While not nearly as exciting as JPM cornering and manipulating the gold or silver markets, over the past few years Jamie Dimon’s bank appears to have cornered a very prominent commodity traded on the London Metals Exchange, aluminum, resulting in price “anomalies” which as Reuters politely puts it “mean prices do not always reflect fundamentals” and which as we put it, reflect outright manipulation, however because regulators are captured have so far completely slipped through the cracks.
According to Reuters, large amounts of aluminum traded on the London Metal Exchange over the past couple of years “have at times been in the hands of a dominant position holder.” Citing sources at commodity trading houses, warehouses, producers, brokers and banks “one such position holder is U.S. bank JPMorgan.”
Reuters adds that “other companies have done so in past” which perhaps is meant to mitigate JPM’s culpability, but merely confirms that if it isn’t one bank manipulating commodity markets, it’s another – the famous example of Sumitomo’s Yasuo “Mr. Copper” Hamanaka comes to mind.
As Reuters points out, “while no rules have been broken, holding a large, sometimes dominant position can to an extent have an influence on prices in the short term for contracts that will soon reach maturity.” For its part, the LME said it “would seek additional information from market participants regarding activity that raises concern.”
“If a breach of the LME’s rules is deemed to have occurred, we would take appropriate action.”
We won’t hold our breath.
The details of JPM’s quasi-cornering of aluminum are as follows: the positions have typically meant a backwardation or premium for the nearby contract, suggesting tight supplies. But aluminum is oversupplied and inventories are massive, which mean the natural state of the market should be contango or discount.
It also means holders of short positions, which could be bets on lower prices or hedges for physical holdings, have had to pay more to roll over their positions.
“JPMorgan have been doing this on-and-off for a long time. The backwardation (or premium) doesn’t accurately reflect oversupply,” a Reuters source at a commodity trading firm said.
“The positions are large, not many people can do these amounts.

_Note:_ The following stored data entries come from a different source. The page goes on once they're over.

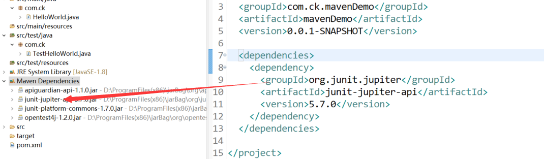 version是定义maven项目当前所处的版本。jar包不需要我们下载拷贝到项目中,之间写配置文件即可。当项目非常大需要大量jar包时,就特别方便,只需要写这种dependency依赖即可。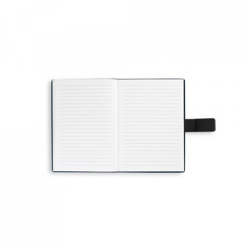 HILST. Caderno A5 com capa dura em 80% materiais reciclados (PU reciclado e poliéster reciclado) estruturado em duas partes: a primeira tem 128 páginas pautadas e a segunda 128 páginas lisas Caderno A5 com um design moderno desenvolvido para ser versátil no seu dia de trabalho. Composto por uma capa dura em 80% materiais reciclados (PU reciclado e poliéster reciclado), este caderno está estruturado em duas partes: a primeira tem 128 páginas pautadas e a segunda 128 páginas lisas, ambas feitas de um material proveniente de gestão florestal sustentável. Contém uma fita para fecho magnético do caderno. 150 x 210 mm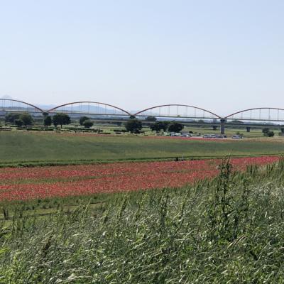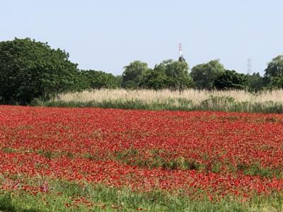 土手の上から眺めると、一面のポピー畑\(^o^)/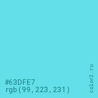Цвет #63DFE7 в цветовой модели RGB обозначается тремя октетами (99, 223, 231) в десятичном формате и #63DFE7 в шестнадцатиричном (hex) формате, которые являются интенсивностью красного 99 (hex 63), интенсивность зелёного 223 (hex DF) и интенсивность синего 231 (hex E7).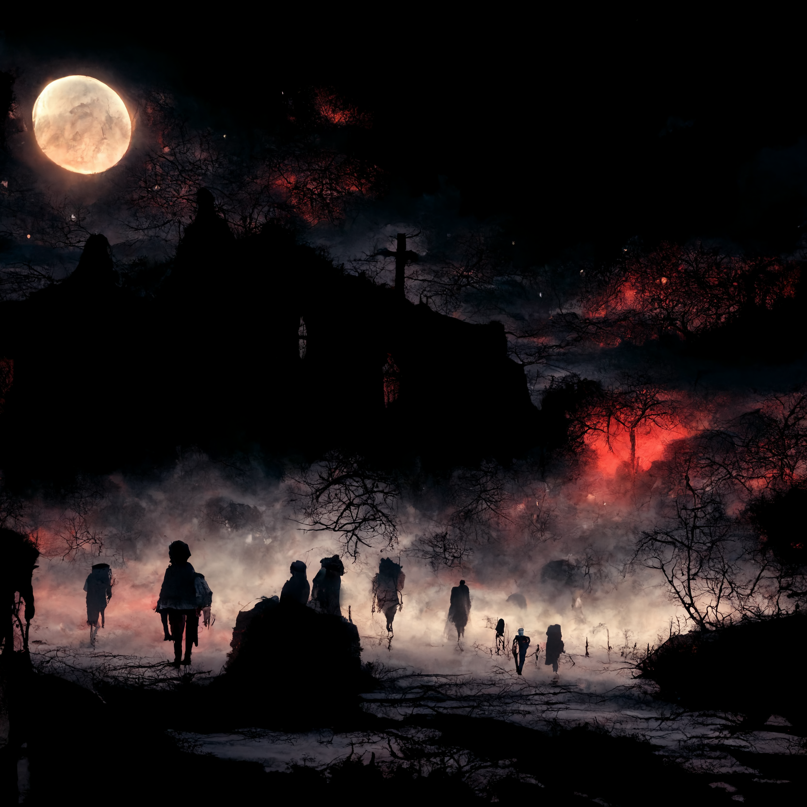 Com um novo pulso energético todos os mortos vivos que antes estavam deitados no chão, tremelicaram. Alguns se levantaram em silêncio absoluto, sorrateiros, espreitando na escuridão. Outros, grunhiram e gritaram, levantando a contragosto de seu descanso eterno por alguém, em algum lugar, trazendo as pobres criaturas de volta a vida.

It’s worthwhile for JP because they can borrow very cheaply, they have the credit rating,” an aluminum trader at a commodities broker said.

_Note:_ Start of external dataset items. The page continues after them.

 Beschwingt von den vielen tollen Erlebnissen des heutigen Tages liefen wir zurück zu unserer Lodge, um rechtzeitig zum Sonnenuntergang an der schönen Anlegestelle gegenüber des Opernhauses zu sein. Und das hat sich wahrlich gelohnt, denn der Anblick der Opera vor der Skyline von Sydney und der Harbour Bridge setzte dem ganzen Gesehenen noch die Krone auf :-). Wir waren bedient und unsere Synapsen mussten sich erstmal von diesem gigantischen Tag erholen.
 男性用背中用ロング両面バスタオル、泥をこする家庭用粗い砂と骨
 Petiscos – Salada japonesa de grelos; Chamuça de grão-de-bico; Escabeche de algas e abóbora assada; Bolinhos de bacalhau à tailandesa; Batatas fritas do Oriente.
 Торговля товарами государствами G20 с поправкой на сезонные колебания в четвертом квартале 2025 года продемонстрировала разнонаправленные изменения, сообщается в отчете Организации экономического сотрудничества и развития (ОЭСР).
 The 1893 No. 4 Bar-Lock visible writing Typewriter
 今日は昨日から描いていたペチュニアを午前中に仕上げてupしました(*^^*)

For some months now there have been large holdings of aluminum warrants, which are a claim to metal stored in warehouses approved by the LME. Currently there is a dominant position holding 50-79% of warrants.
One consequence of this is the premium for the cash contract over the benchmark three-month future. It rose to around $23 a tonne in December, the highest since late 2014.
Reuters reveals the following details of large open interest holdings since April 2014 gathered from industry sources.
One company held 20-29 percent of open interest on February 10, between 403,000 and 584,000 tonnes. Prices on that day value the holding at $596-$864 million. A $5 contango for the February vs March contract became a backwardation of $8 on Feb. 15, 2 days before expiry.
One company held 20-29 percent of open interest on Jan. 18, between 238,000 and 346,000 tonnes or $350-$508 million. A $5 contango for the January versus February contract turned into a $8 backwardation on Jan. 19, one day before expiry.
One company held 20-29 percent of open interest on December 14, between 230,000 and 333,000 tonnes or $352-$493 million. A $7 discount for the December versus the January contract became a $31 a tonne premium on Dec. 15, one day before expiry.
One company held 30-39 percent of open interest on April 8, between 748,000 and 972,000 tonnes or $1.3-$1.7 billion. A $5 discount for the April versus the May contract turned into a $22 backwardation on April 13, two days before expiry
One company held more than 40 percent of open interest on Nov. 11, more than 1.223 million tonnes or a minimum of $2.5 billion. A $10 contango for the November versus the December contract became a $21 premium on Nov. 18, one day before expiry.
One company held 20-29 percent of open interest from Aug. 18, between 224,000-325,000 tonnes or $450-$650 million. A $10 discount for the August vs the September contract became a $16 premium on Aug. 18, two days before expiry.
One company held more than 40 percent of the open interest on April 9, more than 920,000 tonnes of metal or $1.7 billion. A $15 discount for the April versus the May contract became a premium of $14 a tonne on April 15, the day before expiry.
As a result, we now know that JPM has not only cornered the aluminum market as of this moment – something that very likely will go on indefinitely – but the said cornering had lead to the above mentioned “price anomalies.” What is surprising is that according to the CFTC, the LME and various regional regulators this is perfectly normal behaviour, and likely happens every day as big banks are given a green light to do whatever they want with any one product.
We wonder if whether having had the above information at hand, U.S. District Judge Katherine B. Forrest would have dismissed the LME, JPMorgan, Goldman Sachs, Glencore and others from recent multidistrict litigation accusing them of manipulating aluminum prices.
If nothing else, at least today’s disclosure of aluminum manipulation answers the implicit question in our post from two months ago, in which we reported that “Someone Is Trying To Corner The Copper Market” on the LME, where the described pricing “anomaly” was virtually a carbon copy of what is taking place with aluminum on the LME.
We now have a pretty good idea of the “who”, and we wonder if that same “who” has also managed to corner by comparable means or otherwise, any other commodity markets, including certain precious metals.